TASK STATEMENT:
Drop every picture, then print the rest of the listing exactly as given.
---- PROVIDED MATERIAL
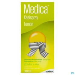 Medica keelspray lemon is een spray voor plaatselijke werking in mond en keelholte. Het is een ontsmettingsmiddel en plaatselijk pijnstillend middel. Medica keelspray lemon is aangewezen bij:
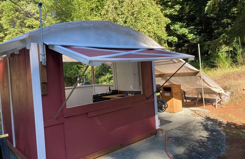 Country setting on private residential drive. Close to lakes, rivers, wine country and an hour from the pacific coast. Great for biking, hiking, fishing and the outdoor enthusiast. Enjoy the great food, beer, cannabis and wine from the Willamette Valley in the local towns of Cottage Grove and Eugene. The Yurt is on the property of the hosts home located about a half mile up a private drive called Eagle Mountain Rd that is secured with a locked gate. The outdoor shower is shared with privacy screens and attached sauna. Yurt has a coffee maker, mugs, propane heater, drinking water dispenser, drinking cups, and camp cooler. We also provide an outdoor kitchen with 4 top burner and oven plus outdoor grill. Bathing, kitchen and sauna towels provided as well as pillows and bedding. There are 2 dressers, a couch and a kitchen table with 6 chairs. Come and enjoy the peace and quite of Cottage Grove! Sip on a nice cup of coffee and listen to the sounds of nature right at the yurt or take a short drive to town and visit the historic downtown area, or swim the beautiful lakes of Cottage Grove or Dorena Reservoirs. Eugene and U of O campus/Hayward Field is a half hour north. Several winery's very close to town. Beautiful Oregon hot springs and the amazing views and adventures offered at the coast are within two hours.
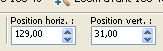 Placer Position horiz.: 129,00 et Position vert.: 31,00.
--------
RESULT OF THE EXERCISE:
 Medica keelspray lemon is een spray voor plaatselijke werking in mond en keelholte. Het is een ontsmettingsmiddel en plaatselijk pijnstillend middel. Medica keelspray lemon is aangewezen bij:
 Country setting on private residential drive. Close to lakes, rivers, wine country and an hour from the pacific coast. Great for biking, hiking, fishing and the outdoor enthusiast. Enjoy the great food, beer, cannabis and wine from the Willamette Valley in the local towns of Cottage Grove and Eugene. The Yurt is on the property of the hosts home located about a half mile up a private drive called Eagle Mountain Rd that is secured with a locked gate. The outdoor shower is shared with privacy screens and attached sauna. Yurt has a coffee maker, mugs, propane heater, drinking water dispenser, drinking cups, and camp cooler. We also provide an outdoor kitchen with 4 top burner and oven plus outdoor grill. Bathing, kitchen and sauna towels provided as well as pillows and bedding. There are 2 dressers, a couch and a kitchen table with 6 chairs. Come and enjoy the peace and quite of Cottage Grove! Sip on a nice cup of coffee and listen to the sounds of nature right at the yurt or take a short drive to town and visit the historic downtown area, or swim the beautiful lakes of Cottage Grove or Dorena Reservoirs. Eugene and U of O campus/Hayward Field is a half hour north. Several winery's very close to town. Beautiful Oregon hot springs and the amazing views and adventures offered at the coast are within two hours.
 Placer Position horiz.: 129,00 et Position vert.: 31,00.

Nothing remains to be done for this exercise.